### Material for this exercise

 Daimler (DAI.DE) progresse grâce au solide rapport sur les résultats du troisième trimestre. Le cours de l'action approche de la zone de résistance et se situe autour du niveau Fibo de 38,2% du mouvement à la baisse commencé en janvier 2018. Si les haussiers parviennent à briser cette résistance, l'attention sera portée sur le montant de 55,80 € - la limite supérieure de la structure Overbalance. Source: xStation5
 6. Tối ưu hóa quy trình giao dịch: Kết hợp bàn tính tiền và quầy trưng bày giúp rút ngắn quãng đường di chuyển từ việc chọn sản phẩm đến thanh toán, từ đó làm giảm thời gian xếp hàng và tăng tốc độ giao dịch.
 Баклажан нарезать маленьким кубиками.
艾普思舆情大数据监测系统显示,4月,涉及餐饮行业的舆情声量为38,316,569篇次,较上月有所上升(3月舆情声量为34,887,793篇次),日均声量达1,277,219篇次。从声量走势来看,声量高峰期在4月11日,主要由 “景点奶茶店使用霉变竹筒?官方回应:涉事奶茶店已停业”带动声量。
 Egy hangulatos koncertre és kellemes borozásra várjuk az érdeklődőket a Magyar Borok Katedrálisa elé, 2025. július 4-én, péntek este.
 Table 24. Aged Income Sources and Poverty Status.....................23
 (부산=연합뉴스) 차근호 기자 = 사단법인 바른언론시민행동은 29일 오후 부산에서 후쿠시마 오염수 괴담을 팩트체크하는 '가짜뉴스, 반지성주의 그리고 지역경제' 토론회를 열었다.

######
### Material for this exercise

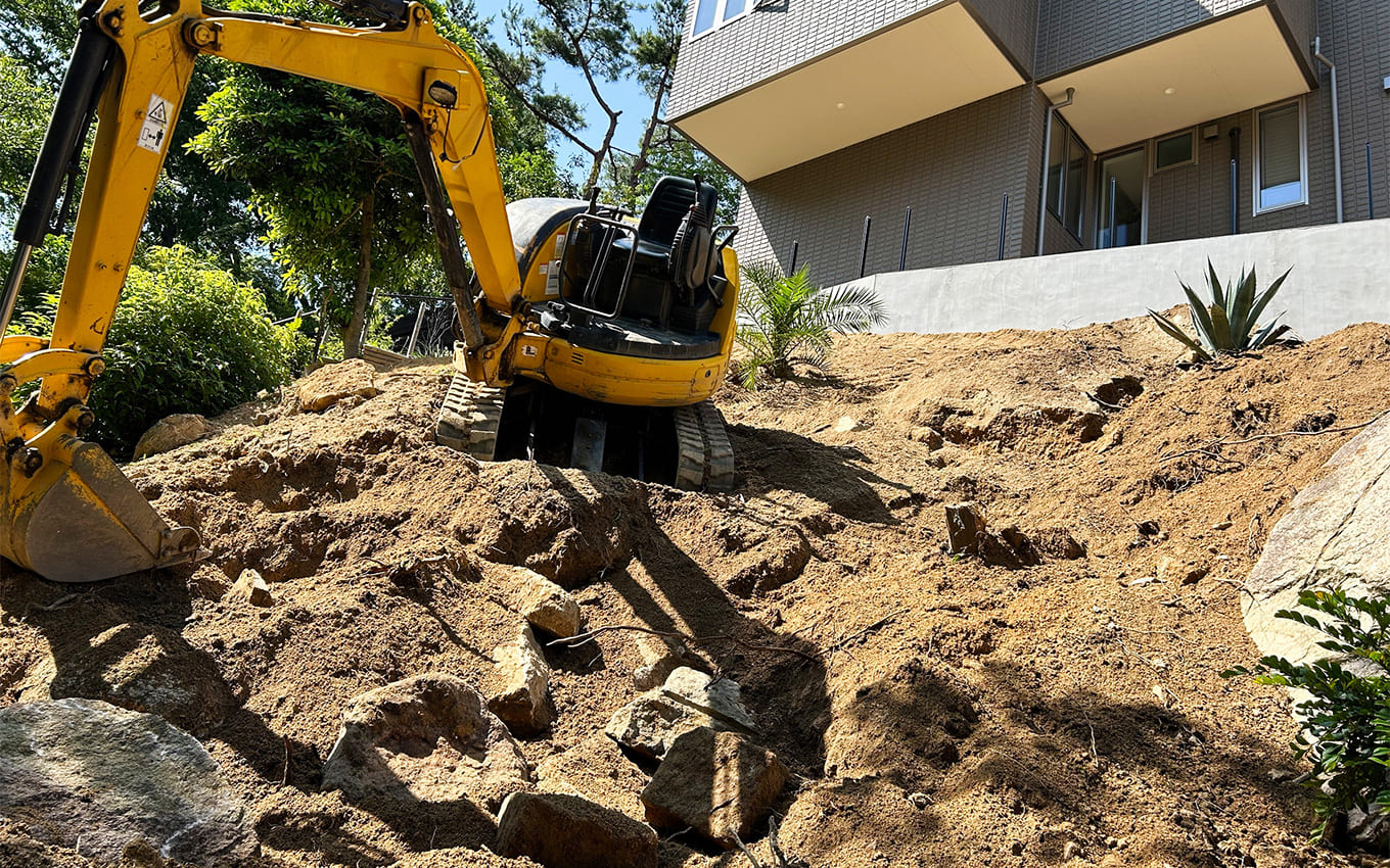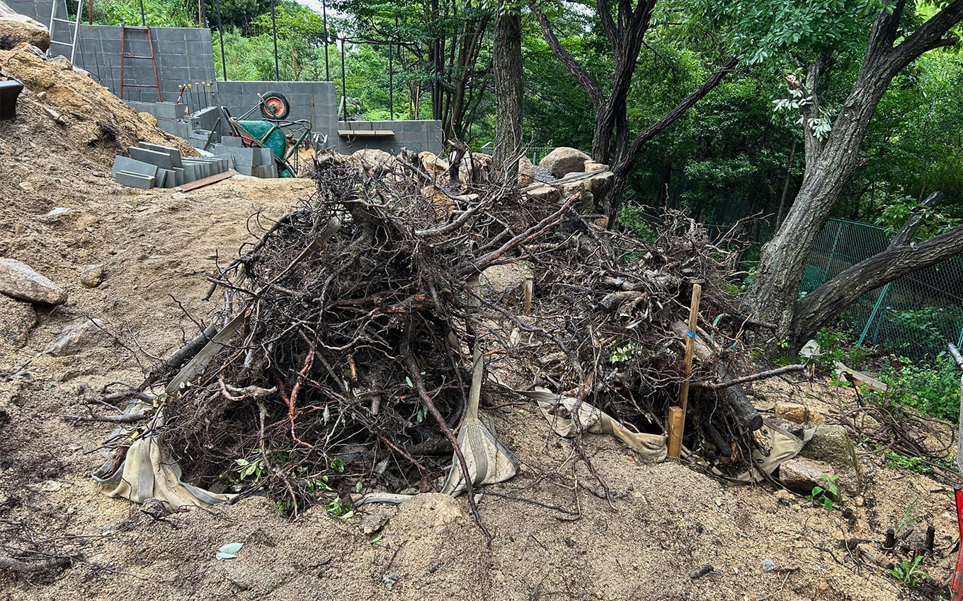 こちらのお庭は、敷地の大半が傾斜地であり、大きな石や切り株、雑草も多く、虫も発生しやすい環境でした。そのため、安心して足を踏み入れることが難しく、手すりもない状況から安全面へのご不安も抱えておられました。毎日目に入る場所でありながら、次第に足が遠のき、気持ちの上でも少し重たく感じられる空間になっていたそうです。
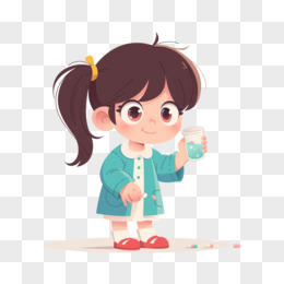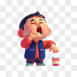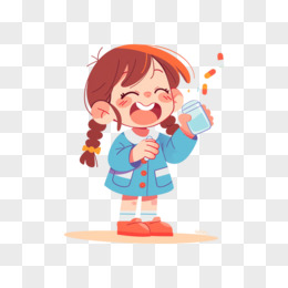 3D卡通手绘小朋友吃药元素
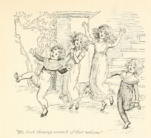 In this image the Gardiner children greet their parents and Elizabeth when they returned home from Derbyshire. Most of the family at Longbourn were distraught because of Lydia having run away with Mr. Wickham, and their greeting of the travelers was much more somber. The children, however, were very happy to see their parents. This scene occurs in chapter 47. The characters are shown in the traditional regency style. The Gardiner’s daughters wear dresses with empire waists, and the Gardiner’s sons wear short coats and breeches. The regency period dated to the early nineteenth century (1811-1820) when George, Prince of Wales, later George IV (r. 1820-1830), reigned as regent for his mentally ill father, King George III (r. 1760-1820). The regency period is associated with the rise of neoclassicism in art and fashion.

######

### What the exercise asks
An exact copy of the lines above, from the one containing "Egy hangulatos koncertre" down to the one containing "(부산=연합뉴스) 차근호 기자" and including both, is the whole answer; retype it and nothing else.

### Result of the task
 Egy hangulatos koncertre és kellemes borozásra várjuk az érdeklődőket a Magyar Borok Katedrálisa elé, 2025. július 4-én, péntek este.
 Table 24. Aged Income Sources and Poverty Status.....................23
 (부산=연합뉴스) 차근호 기자 = 사단법인 바른언론시민행동은 29일 오후 부산에서 후쿠시마 오염수 괴담을 팩트체크하는 '가짜뉴스, 반지성주의 그리고 지역경제' 토론회를 열었다.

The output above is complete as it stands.